_TASK STATEMENT_:
Below are records with pictures in them. Transcribe everything from the line containing "Гибкая гофрированная труба" down to the line containing "Ovo je moderan", exactly, and leave the pictures behind.
╭─ MATERIAL SHOWN
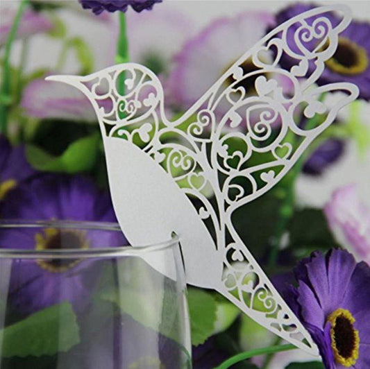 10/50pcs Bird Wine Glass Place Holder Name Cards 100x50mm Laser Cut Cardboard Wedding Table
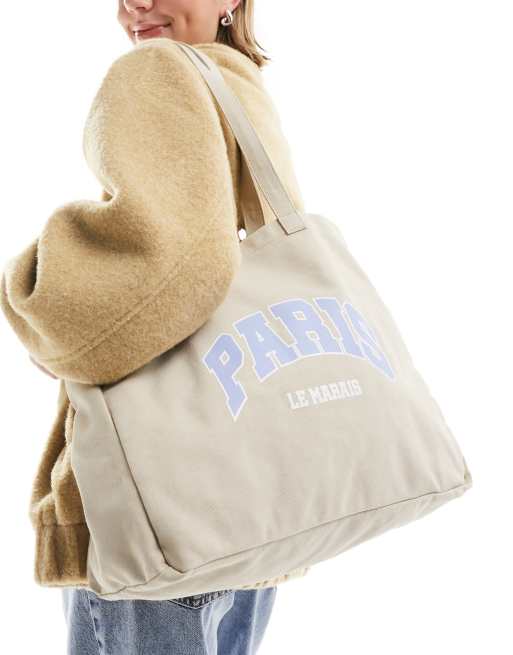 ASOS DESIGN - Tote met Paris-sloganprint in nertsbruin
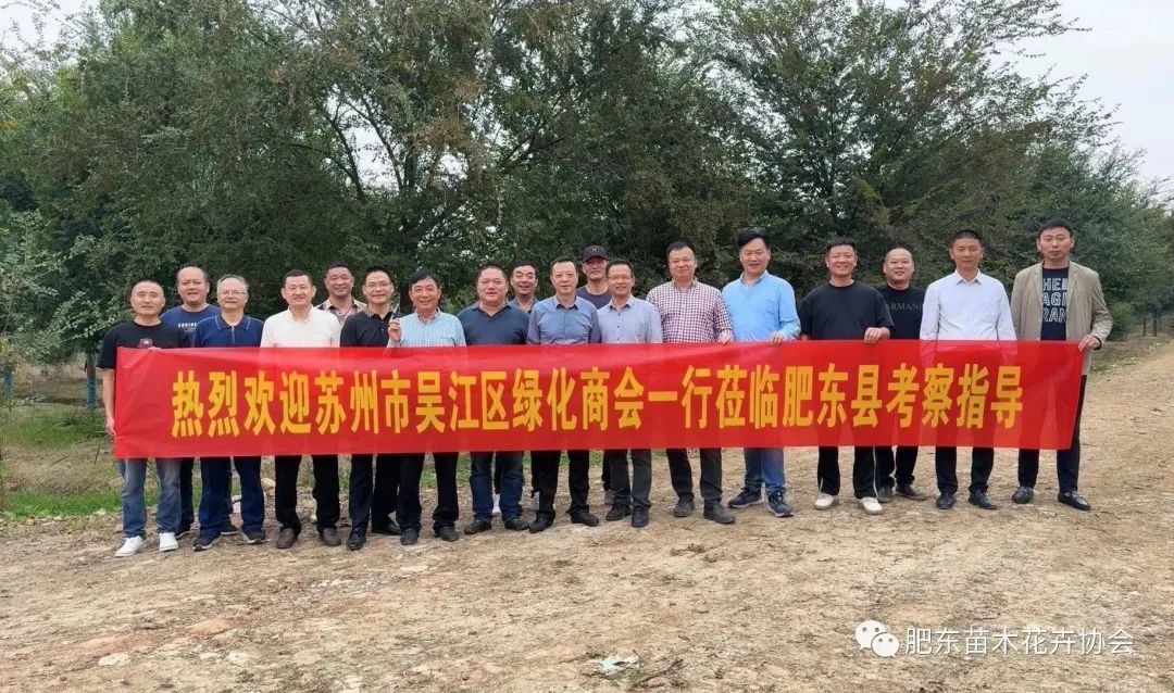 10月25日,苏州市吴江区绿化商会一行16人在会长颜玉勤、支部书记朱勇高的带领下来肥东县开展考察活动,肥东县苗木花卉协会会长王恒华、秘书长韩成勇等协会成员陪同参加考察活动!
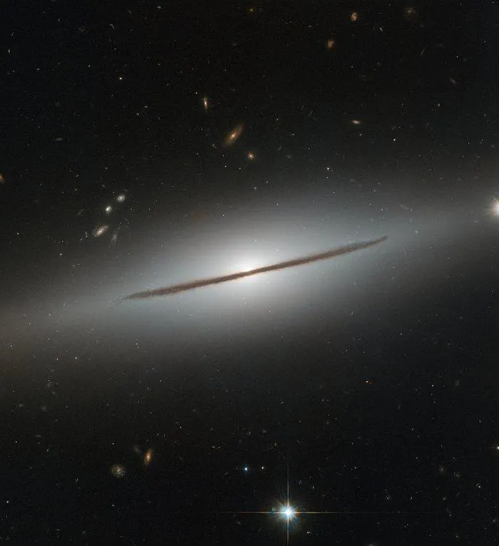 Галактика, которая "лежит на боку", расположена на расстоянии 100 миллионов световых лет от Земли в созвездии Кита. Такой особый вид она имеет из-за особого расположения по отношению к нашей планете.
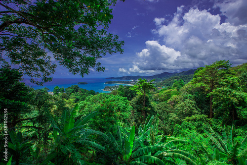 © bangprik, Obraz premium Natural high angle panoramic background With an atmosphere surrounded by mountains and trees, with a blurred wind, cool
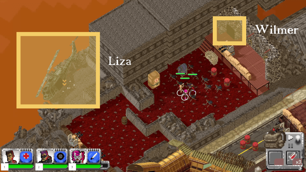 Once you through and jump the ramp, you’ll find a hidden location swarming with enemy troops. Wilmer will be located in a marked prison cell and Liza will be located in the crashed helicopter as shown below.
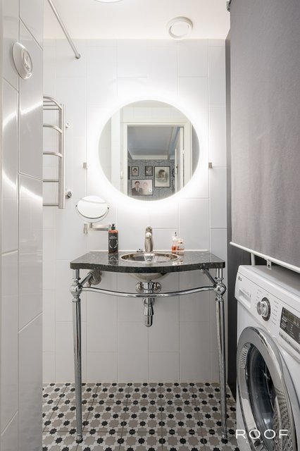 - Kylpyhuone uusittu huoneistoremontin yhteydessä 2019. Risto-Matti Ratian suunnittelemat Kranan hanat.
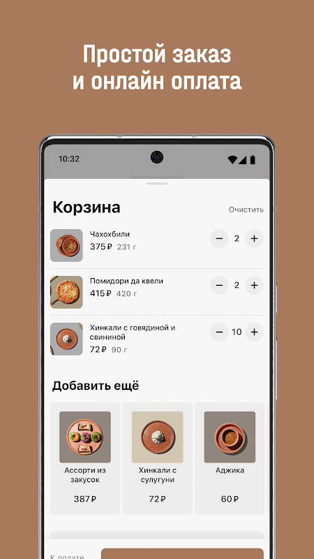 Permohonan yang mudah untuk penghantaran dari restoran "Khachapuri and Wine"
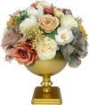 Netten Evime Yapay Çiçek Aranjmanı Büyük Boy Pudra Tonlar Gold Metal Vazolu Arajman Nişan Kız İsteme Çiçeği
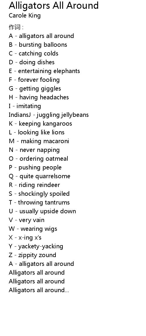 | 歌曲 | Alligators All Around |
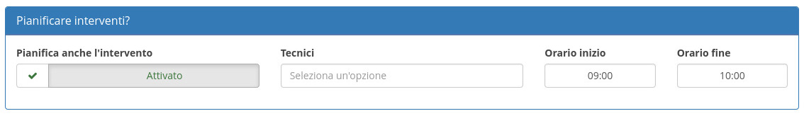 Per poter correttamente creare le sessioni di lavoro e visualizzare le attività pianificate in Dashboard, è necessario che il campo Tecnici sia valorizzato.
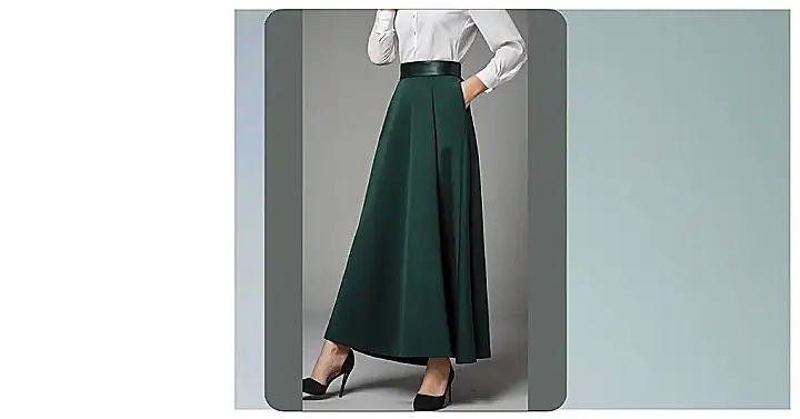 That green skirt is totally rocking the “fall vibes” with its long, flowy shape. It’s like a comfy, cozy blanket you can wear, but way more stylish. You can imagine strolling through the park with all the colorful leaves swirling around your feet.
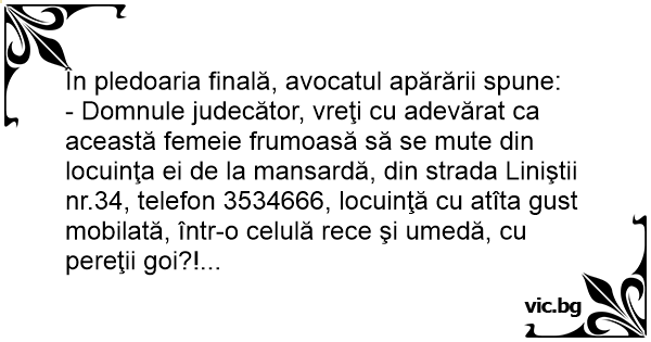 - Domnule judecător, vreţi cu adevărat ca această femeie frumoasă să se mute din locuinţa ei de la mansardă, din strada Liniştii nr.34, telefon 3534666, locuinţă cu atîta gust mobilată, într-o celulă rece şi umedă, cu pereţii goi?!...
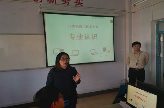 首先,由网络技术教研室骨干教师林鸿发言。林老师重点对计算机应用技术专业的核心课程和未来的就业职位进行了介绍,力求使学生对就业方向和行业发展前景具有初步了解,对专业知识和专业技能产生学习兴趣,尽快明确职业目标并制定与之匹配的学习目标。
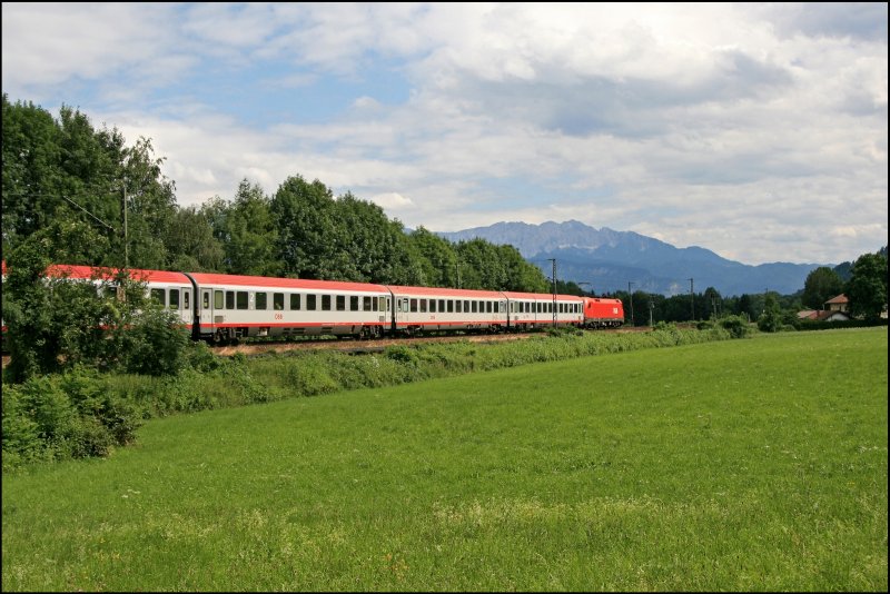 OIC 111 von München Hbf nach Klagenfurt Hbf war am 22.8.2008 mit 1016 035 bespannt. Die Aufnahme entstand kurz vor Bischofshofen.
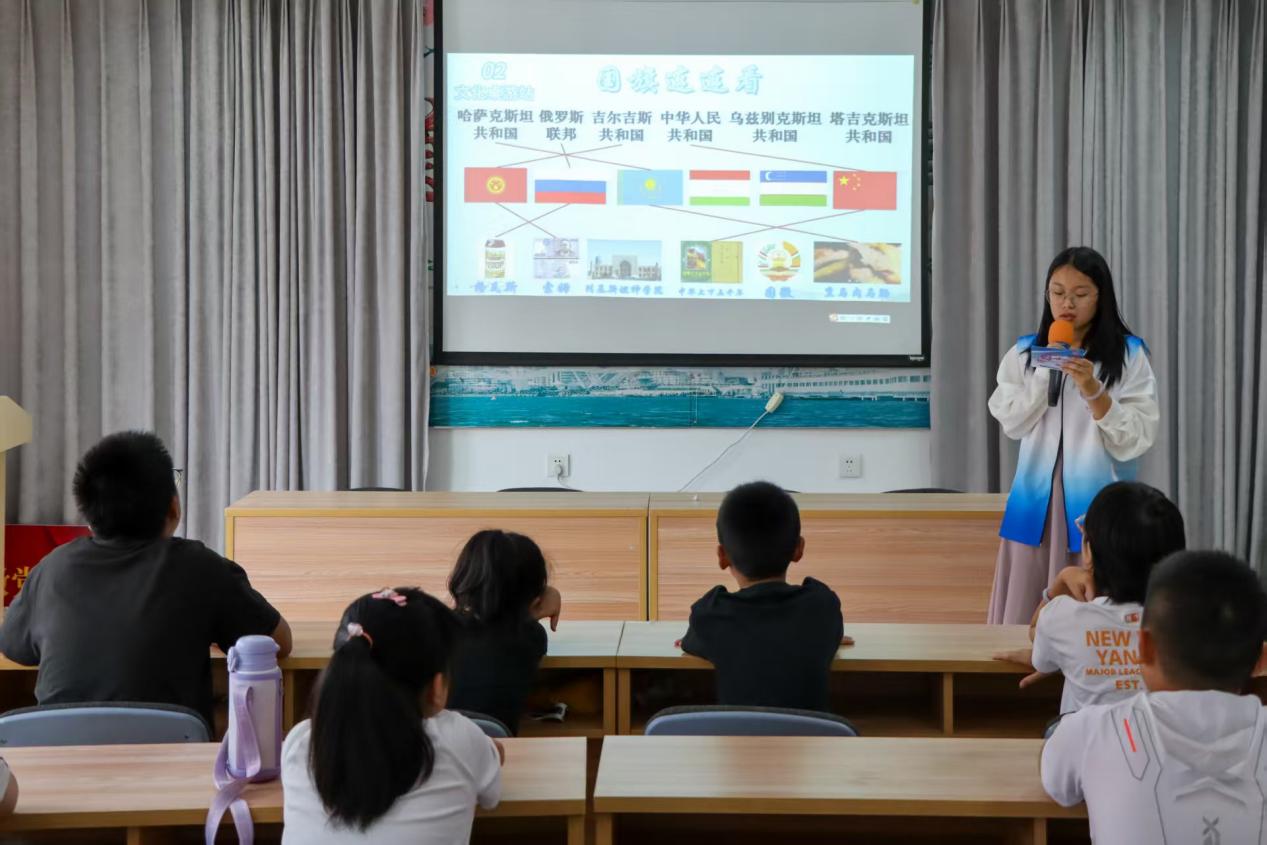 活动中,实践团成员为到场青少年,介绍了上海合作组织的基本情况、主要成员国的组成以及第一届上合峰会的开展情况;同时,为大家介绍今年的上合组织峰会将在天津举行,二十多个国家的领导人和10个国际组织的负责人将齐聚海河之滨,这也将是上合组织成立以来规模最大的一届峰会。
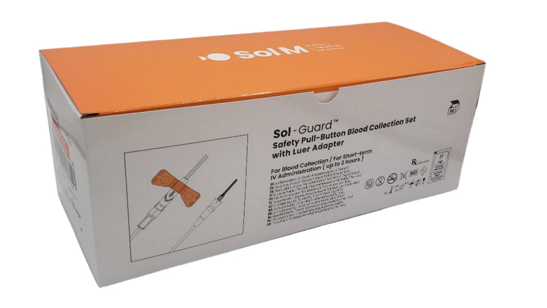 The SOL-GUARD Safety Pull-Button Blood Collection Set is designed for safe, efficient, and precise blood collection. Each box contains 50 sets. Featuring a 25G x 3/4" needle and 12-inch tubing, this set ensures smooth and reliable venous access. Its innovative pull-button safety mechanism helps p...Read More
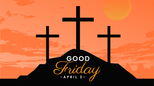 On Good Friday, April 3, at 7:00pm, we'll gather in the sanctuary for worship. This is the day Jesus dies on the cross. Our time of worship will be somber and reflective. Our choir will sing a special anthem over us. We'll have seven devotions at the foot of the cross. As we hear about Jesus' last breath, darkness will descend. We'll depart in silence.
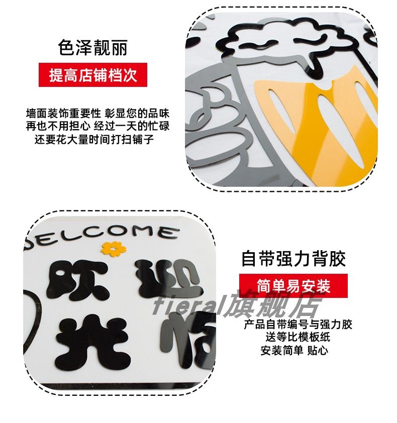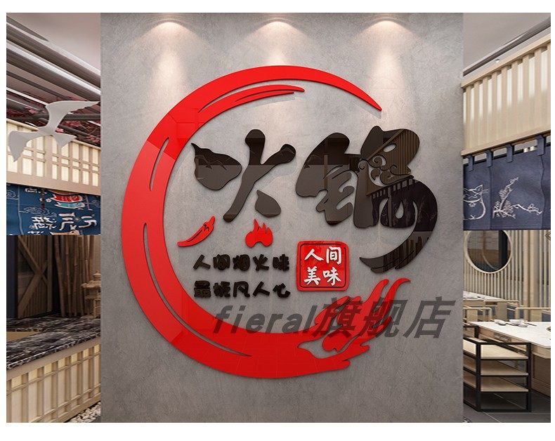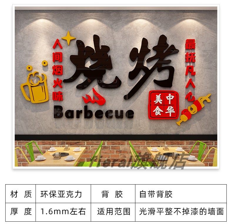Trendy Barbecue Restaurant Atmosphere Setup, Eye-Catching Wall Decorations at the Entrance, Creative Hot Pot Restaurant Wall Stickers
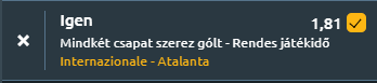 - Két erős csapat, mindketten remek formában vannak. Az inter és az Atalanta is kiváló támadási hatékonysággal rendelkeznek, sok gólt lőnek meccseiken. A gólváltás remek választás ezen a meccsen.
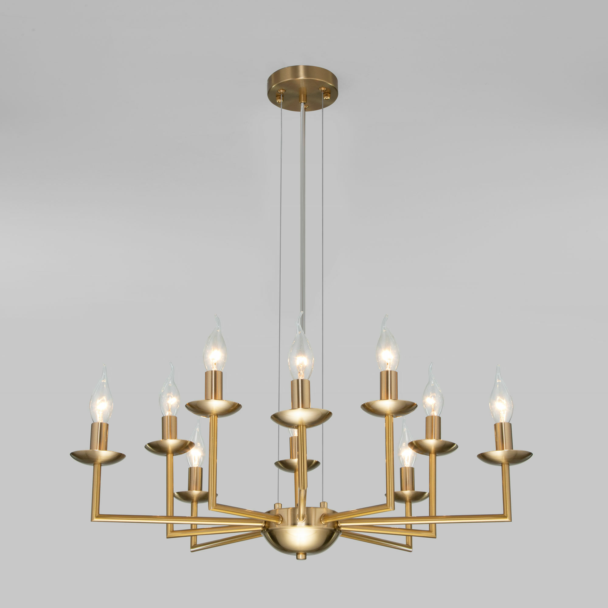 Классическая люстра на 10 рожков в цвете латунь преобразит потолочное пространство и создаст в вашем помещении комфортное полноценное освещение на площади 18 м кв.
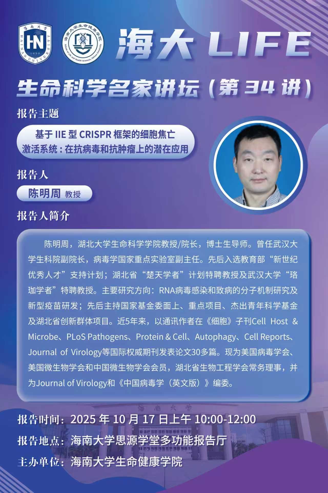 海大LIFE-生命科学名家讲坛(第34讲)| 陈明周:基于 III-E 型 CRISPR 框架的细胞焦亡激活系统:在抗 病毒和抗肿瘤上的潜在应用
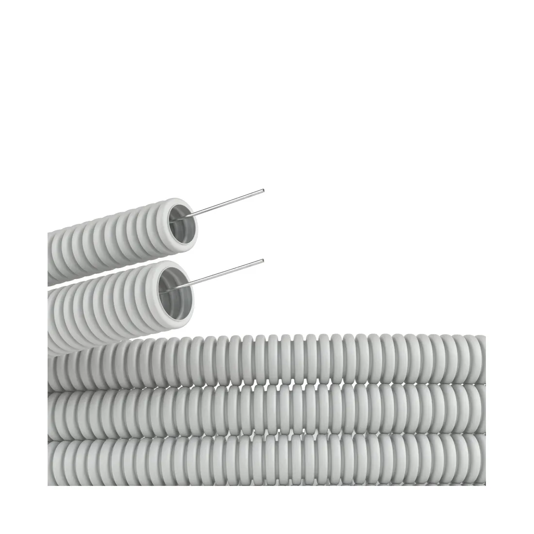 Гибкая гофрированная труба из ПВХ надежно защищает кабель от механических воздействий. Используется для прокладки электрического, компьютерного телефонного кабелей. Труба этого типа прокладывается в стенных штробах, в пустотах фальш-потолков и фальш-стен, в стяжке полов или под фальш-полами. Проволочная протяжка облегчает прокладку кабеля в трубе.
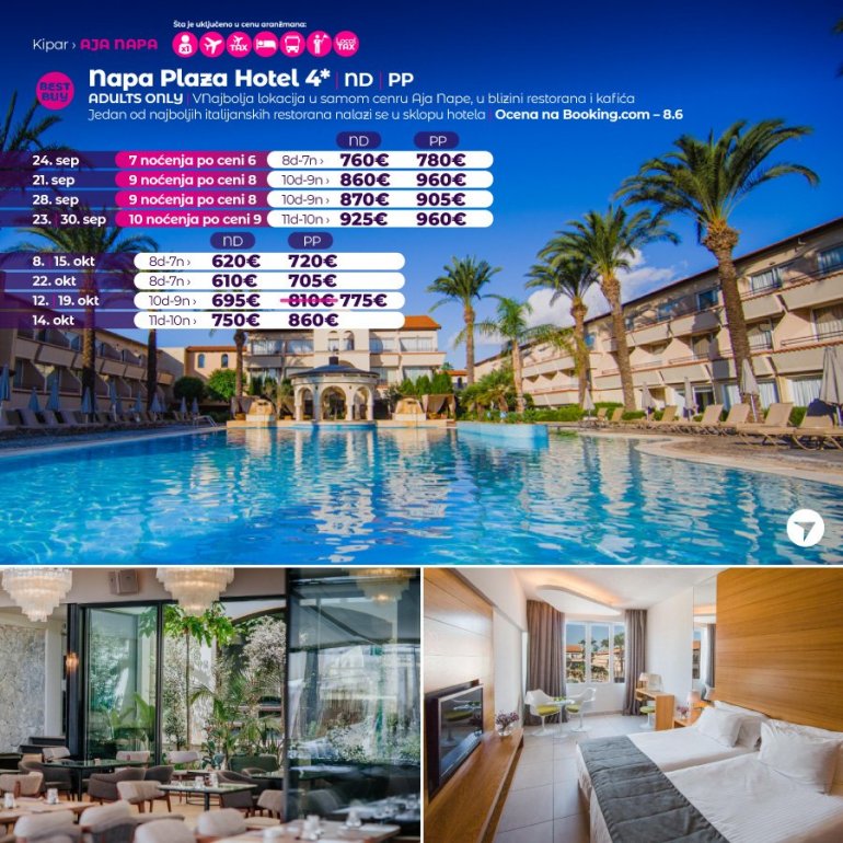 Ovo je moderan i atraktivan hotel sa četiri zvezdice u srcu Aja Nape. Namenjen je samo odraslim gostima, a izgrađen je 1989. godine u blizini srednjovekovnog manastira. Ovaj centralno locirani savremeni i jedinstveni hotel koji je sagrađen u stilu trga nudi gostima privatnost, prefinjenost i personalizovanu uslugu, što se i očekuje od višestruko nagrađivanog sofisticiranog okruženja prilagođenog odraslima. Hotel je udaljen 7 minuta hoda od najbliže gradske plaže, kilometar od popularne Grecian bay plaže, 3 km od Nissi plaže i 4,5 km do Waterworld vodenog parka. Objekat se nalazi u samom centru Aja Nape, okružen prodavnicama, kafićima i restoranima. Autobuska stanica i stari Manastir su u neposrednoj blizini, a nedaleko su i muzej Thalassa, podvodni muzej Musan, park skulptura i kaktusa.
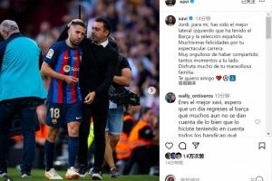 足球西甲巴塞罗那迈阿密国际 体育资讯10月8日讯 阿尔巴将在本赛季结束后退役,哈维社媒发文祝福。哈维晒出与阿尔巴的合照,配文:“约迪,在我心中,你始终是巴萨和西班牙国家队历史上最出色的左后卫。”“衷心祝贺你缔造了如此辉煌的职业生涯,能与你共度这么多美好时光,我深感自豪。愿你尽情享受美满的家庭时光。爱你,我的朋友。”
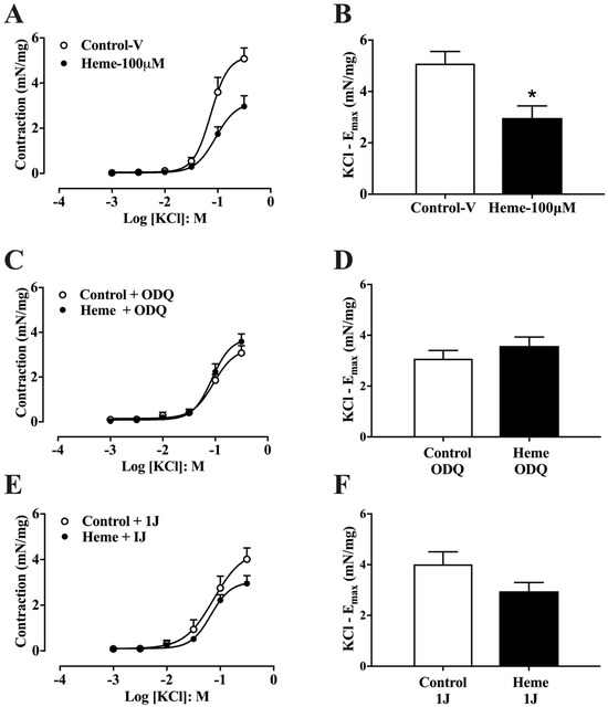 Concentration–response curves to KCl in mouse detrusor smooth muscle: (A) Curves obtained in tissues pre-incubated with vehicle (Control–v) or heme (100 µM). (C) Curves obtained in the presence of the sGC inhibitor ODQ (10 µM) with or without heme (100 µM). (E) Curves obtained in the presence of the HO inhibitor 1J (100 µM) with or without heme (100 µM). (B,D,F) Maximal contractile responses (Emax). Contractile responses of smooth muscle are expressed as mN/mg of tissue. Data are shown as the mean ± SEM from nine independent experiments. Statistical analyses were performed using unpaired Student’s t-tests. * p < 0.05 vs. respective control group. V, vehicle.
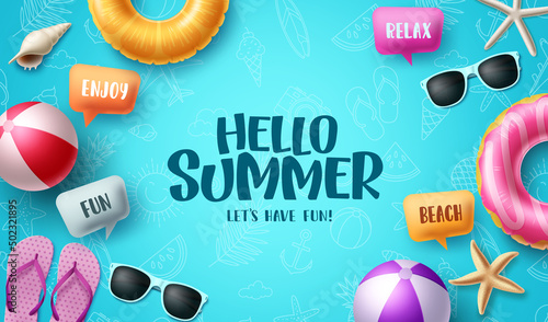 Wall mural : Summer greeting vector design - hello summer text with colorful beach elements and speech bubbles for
╰─
_OUTPUT FOR THIS EXERCISE_:
 Гибкая гофрированная труба из ПВХ надежно защищает кабель от механических воздействий. Используется для прокладки электрического, компьютерного телефонного кабелей. Труба этого типа прокладывается в стенных штробах, в пустотах фальш-потолков и фальш-стен, в стяжке полов или под фальш-полами. Проволочная протяжка облегчает прокладку кабеля в трубе.
 Ovo je moderan i atraktivan hotel sa četiri zvezdice u srcu Aja Nape. Namenjen je samo odraslim gostima, a izgrađen je 1989. godine u blizini srednjovekovnog manastira. Ovaj centralno locirani savremeni i jedinstveni hotel koji je sagrađen u stilu trga nudi gostima privatnost, prefinjenost i personalizovanu uslugu, što se i očekuje od višestruko nagrađivanog sofisticiranog okruženja prilagođenog odraslima. Hotel je udaljen 7 minuta hoda od najbliže gradske plaže, kilometar od popularne Grecian bay plaže, 3 km od Nissi plaže i 4,5 km do Waterworld vodenog parka. Objekat se nalazi u samom centru Aja Nape, okružen prodavnicama, kafićima i restoranima. Autobuska stanica i stari Manastir su u neposrednoj blizini, a nedaleko su i muzej Thalassa, podvodni muzej Musan, park skulptura i kaktusa.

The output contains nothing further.